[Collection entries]
# # # #

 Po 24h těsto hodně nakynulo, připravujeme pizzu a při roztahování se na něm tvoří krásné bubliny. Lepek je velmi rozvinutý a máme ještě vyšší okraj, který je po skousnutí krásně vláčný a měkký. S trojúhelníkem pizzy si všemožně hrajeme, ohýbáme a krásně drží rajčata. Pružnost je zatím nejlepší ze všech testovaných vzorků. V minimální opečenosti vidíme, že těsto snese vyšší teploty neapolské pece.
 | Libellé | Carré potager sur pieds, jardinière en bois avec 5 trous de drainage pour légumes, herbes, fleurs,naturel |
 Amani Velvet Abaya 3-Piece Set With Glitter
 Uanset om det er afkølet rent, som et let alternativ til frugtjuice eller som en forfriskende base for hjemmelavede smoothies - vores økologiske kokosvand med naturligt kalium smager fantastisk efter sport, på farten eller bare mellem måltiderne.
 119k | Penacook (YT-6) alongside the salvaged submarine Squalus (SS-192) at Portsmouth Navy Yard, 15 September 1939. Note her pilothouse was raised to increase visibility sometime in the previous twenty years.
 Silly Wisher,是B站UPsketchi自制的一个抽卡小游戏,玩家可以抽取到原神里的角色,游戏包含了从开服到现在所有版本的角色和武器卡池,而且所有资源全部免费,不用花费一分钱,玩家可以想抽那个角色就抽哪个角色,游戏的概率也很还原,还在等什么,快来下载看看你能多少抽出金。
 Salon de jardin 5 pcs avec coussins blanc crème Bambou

# # # #

Exercise details -> Show every line from the entries above in which "avec" appears.

Solution for this exercise ->
 | Libellé | Carré potager sur pieds, jardinière en bois avec 5 trous de drainage pour légumes, herbes, fleurs,naturel |
 Salon de jardin 5 pcs avec coussins blanc crème Bambou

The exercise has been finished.